Comments on Clairet et al., "Nucleosome patterns in four plant pathogenic..."
in this preprint authors present the analysis of nucleosome occupancy on four plant pathogenic fungi and discuss several factors that might underlie the observed patterns. Authors developed a freely available bioinformatics workflow to analyse and plot nucleosome phasing data that might be of interest to other researchers. The MNase-seq datasets could be reused for larger comparative nucleosome occupancy studies. I think, however, that the preprint is spare on technical details and overinterpret the results in some parts. Below I detail my general comments, point to specific aspects that I would like to see addressed and finish with some minor corrections/clarifications. I hope authors find the comments useful and are willing to address the points raised.

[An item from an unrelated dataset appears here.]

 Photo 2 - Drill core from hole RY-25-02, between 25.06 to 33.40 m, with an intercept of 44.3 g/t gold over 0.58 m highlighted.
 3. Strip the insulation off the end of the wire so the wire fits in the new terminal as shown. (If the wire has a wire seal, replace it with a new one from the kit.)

1. The bioinformatics workflow is hardly described at all, thus leaving out some important details. These include both plotting parameters used in the different parts of MSTS and statistical choices. For instance,
- a) in the methods I couldn't find how nucleosome signal intensity was "normalized", but in figures' legends it is stated that these are z-score normalized, is this the only option available in MSTS? Why are there no positive normalized nucleosome signal values on figure 3A?
- b) as far as I can tell MSTS reports the standard deviation of inter-nucleosome distances. In the preprint standard errors are reported, for me it is not clear the reason behind, what was the sample size used to transform SD to SE? Authors interpret the minute differences in nucleosome packing between SNP rich and SNP poor region as evidence of "increased frequencies of transient nucleosome positioning events in F. graminearum fast evolving polymorphic islands'' (page 7, second paragraph), but no statistical test was applied and if the value oscillates 1 bp around the mean, the difference becomes irrelevant.

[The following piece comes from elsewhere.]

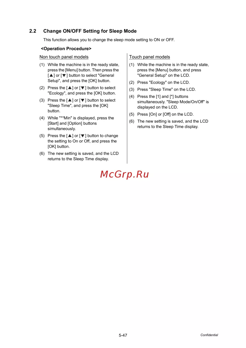 2.2 Change ON/OFF Setting for Sleep Mode

- c) in my reading "conserved genes" would have almost no variance on nucleosome positioning at the first ATG codon. I actually wonder if the variance in +1 nucleosome and preceding NDR could be due to misprediction of starting codons, would expect the most curated gene models would show a lesser effect as a larger number of annotated ATG would indeed be the starting codon) It seems prediction holds ( see figures 6 and 7)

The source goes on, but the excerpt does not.